Model Params Tuning makes perfect

To win big in real estate market using data science – Part 2: Model Params Tuning

Spread the love

Previously on CodeAStar: A data alchemist wannabe tried to win big in real estate market, he then used Kaggle’s Housing Regression data set, engineered the features and fit them in a bunch of models. Dang! Nothing fancy happened. But he then discovered “the room”, the room for improvement — model params tuning.

Enter the Model Params Tuning Room

Before we enter “the room for improvement”, let’s rewind our models’ scores from last post:

[LinearRegression - LrE] Mean: 0.11596371 Std.

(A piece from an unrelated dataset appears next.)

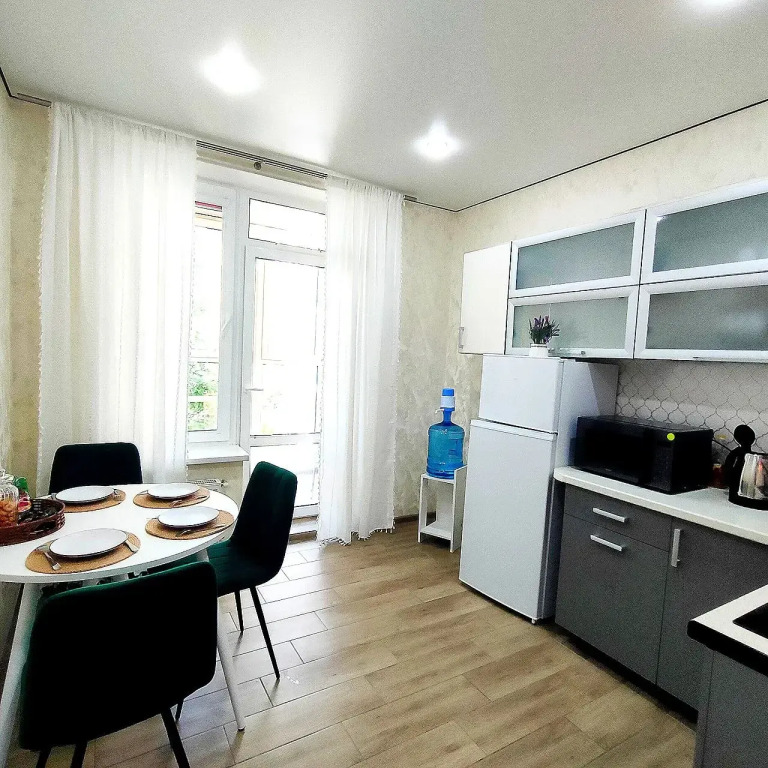 Апартаменты «В Динской в 5 мин от а/т М4» располагаются в Динской, в 3 км от центра города, 1309 километр трассы М4 «Дон». Неподалёку — начало дальнего Западного обхода города Краснодар, платный участок по направлению на Анапу, Крымский мост. Апартаменты расположены в жилом комплексе «Белые Росы». На территории жилого комплекса имеются магазины, аптека, кофейни, пиццерия, пункт выдачи, освещённая прогулочная зона, детские игровые и спортивные площадки, а также свободные места на парковке во дворе. В пешей доступности находится парк отдыха Комсомольский с пляжем, беговой дорожкой, детскими зонами, кофейнями и пиццерией

Dev.: 0.012097
[Ridge - RidCV] Mean: 0.11388354 Std. Dev.: 0.012075
[Lars - LarCV] Mean: 0.11630241 Std. Dev.: 0.011665
[Lasso - LasCV] Mean: 0.19612691 Std. Dev.: 0.008914
[ElasticNet - ElNCV] Mean: 0.19630787 Std. Dev.: 0.008867
[LassoLars - LaLaCV] Mean: 0.11258596 Std. Dev.: 0.012750
[XGBoost - XGB] Mean: 0.11961144 Std. Dev.: 0.016610

And the chart goes:

Since there is nothing else to tune in the Linear Regression model, we start our tuning journey on the Ridge model.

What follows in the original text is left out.